The rules of probability
At the simplest level, a model, be it machine learning or a more classical method such as linear regression, is a mathematical description of how a target variable changes in response to variation in a predictive variable; that relationship could be a linear slope or any of a number of more complex mathematical transformations. In the task of modeling, we usually think of separating the variables in our dataset into two broad classes:
- Independent data, by which we primarily mean inputs to a model, is often denoted by X. For example, if we are trying to predict the grades of school students on an end-of-year exam based on their characteristics, we could think of several kinds of features:
- Categorical: If there are six schools in a district, the school that a student attends could be represented by a six-element vector for each student. The elements are all 0, except for one that is 1, indicating which of the six schools they are enrolled in.
- Continuous: The student heights or average prior test scores can be represented as continuous real numbers.
- Ordinal: The rank of the student in their class is not meant to be an absolute quantity (like their height) but rather a measure of relative difference.
- Dependent variables, conversely, are the outputs of our models and are denoted by the letter Y. Note that, in some cases, Y is a “label” that can be used to condition a generative output, such as in a conditional GAN. It can be categorical, continuous, or ordinal, and could be an individual element or multidimensional matrix (tensor) for each element of the dataset.
How can we describe the data in our model using statistics?

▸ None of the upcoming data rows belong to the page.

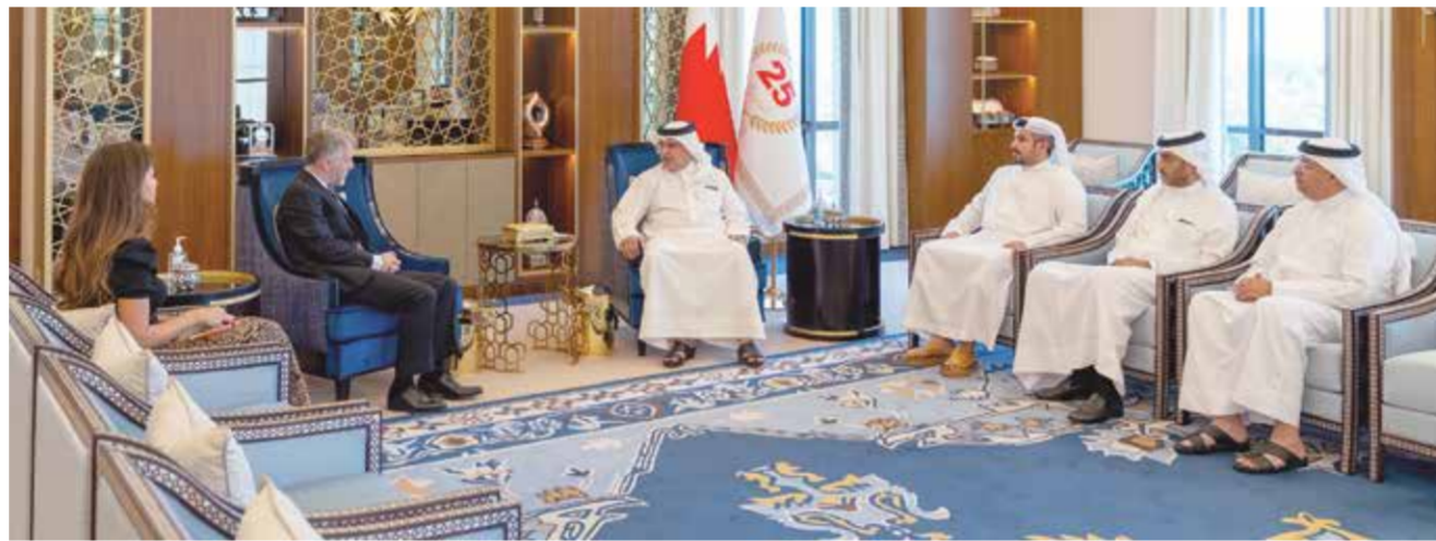
○ سمو ولي العهد رئيس الوزراء خلال استقباله سفير المملكة المتحدة.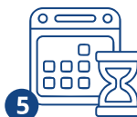
5 Патент алуу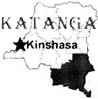
Carte situant le Katanga à l'intérieur de la RDC et présentée avec les nouvelles provinciales concernant cette région dans les bulletins de l'ACP.

Congolais, connaissant mal la géographie de leur pays, aient besoin de cartes pour situer les différentes régions de la RDC. On opposera toutefois à cet argument le fait que les Congolais qui ont accès au réseau Internet sont certainement beaucoup plus scolarisés que l'ensemble de la population et qu'il ne fait aucun doute que la large majorité de ceux-ci n'ont pas besoin d'une carte pour savoir où se trouve le Katanga ou la ville de Kinshasa. L'internaute moyen, un non-Congolais qui connaît peu l'Afrique, aura, lui, bien besoin pour s'y retrouver de ces cartes provinciales, voire même de celle qui situe la RDC à l'intérieur du continent africain et qui est présentée dans la page d'accueil du site du gouvernement.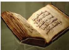
Qur'aanka Sharafta Leh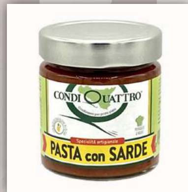
Sauce tomate au sardine 6.50 €/200gr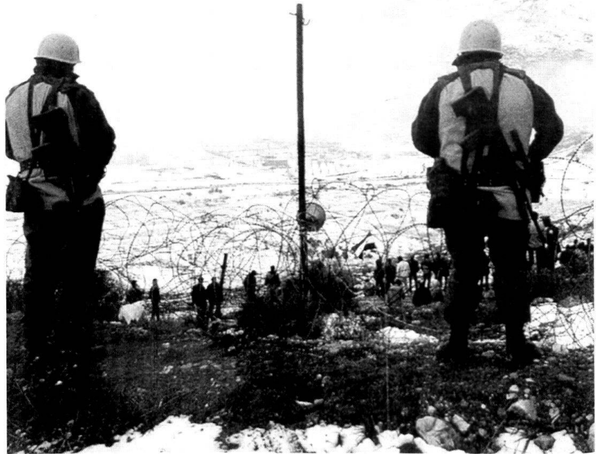
Des Casques bleus en opération de maintien de la paix en Bosnie.

Un second défi majeur pour les pays membres de l'UE sera

In other words, how can we quantitatively describe what values we are likely to see, how frequently, and which values are more likely to appear together and others? One way is by asking how likely it is to observe a particular value in the data or the probability of that value. For example, if we were to ask what the probability of observing a roll of four on a six-sided die is, the answer is that, on average, we would observe a four once every six rolls. We write this as follows:
P(X=4) = 1⁄6 = 16.67%
Here, P denotes “probability of.” What defines the allowed probability values for a particular dataset? If we imagine the set of all possible values of a dataset—such as all values of a die—then a probability maps each value to a number between 0 and 1. The minimum is 0 because we cannot have a negative chance of seeing a result; the most unlikely result is that we would never see a particular value, or 0% probability, such as rolling a seven on a six-sided die. Similarly, we cannot have a greater than 100% probability of observing a result, represented by the value 1; an outcome with probability 1 is absolutely certain. This set of probability values associated with a dataset belongs to discrete classes (such as the faces of a die) or an infinite set of potential values (such as variations in height or weight). In either case, however, these values have to follow certain rules, the probability axioms described by the mathematician Andrey Kolmogorov in 193314:
- The probability of an observation (a die roll, a particular height) is a non-negative, finite number between 0 and 1.
- The probability of at least one of the observations in the space of all possible observations occurring is 1.
- The probability of distinct, mutually exclusive events (such as the rolls 1-6 on a die) is the sum of the probability of the individual events.
While these rules might seem abstract, we will see in Chapter 3 that they have direct relevance to developing neural network models. For example, an application of rule 1 is to generate the probability between 1 and 0 for a particular outcome in a softmax function for predicting target classes. For example, if our model is asked to classify whether an image contains a cat, dog, or horse, each potential class receives a probability between 0 and 1 as the output of a sigmoid function based on a deep neural network applying nonlinear, multi-layer transformations on the input pixels of an image we are trying to classify. Rule 3 is used to normalize these outcomes into the range 0–1, under the guarantee that they are mutually distinct predictions of a deep neural network (in other words, a real-world image logically cannot be classified as both a dog and cat, but rather a dog or cat, with the probability of these two outcomes additive). Finally, the second rule provides the theoretical guarantees that we can generate data at all using these models.
However, in the context of machine learning and modeling, we are not usually interested in just the probability of observing a piece of input data, X; we instead want to know the conditional probability of an outcome Y given the data X. Said another way, we want to know how likely a label for a set of data is, based on that data. We write this as the probability of Y given X, or the probability of Y conditional on X:
P(Y|X)
Another question we could ask about Y and X is how likely they are to occur together—their joint probability—which can be expressed using the preceding conditional probability expression as:
P(X, Y) = P(Y|X)P(X) = P(X|Y)P(Y)
This formula expressed the probability of X and Y. In the case of X and Y being completely independent of one another, this is simply their product:
P(X|Y)P(Y) = P(Y|X)P(X) = P(X)P(Y)
You will see that these expressions become important in our discussion of complementary priors in Chapter 4, and the ability of restricted Boltzmann machines to simulate independent data samples. They are also important as building blocks of Bayes’ theorem, which we describe next.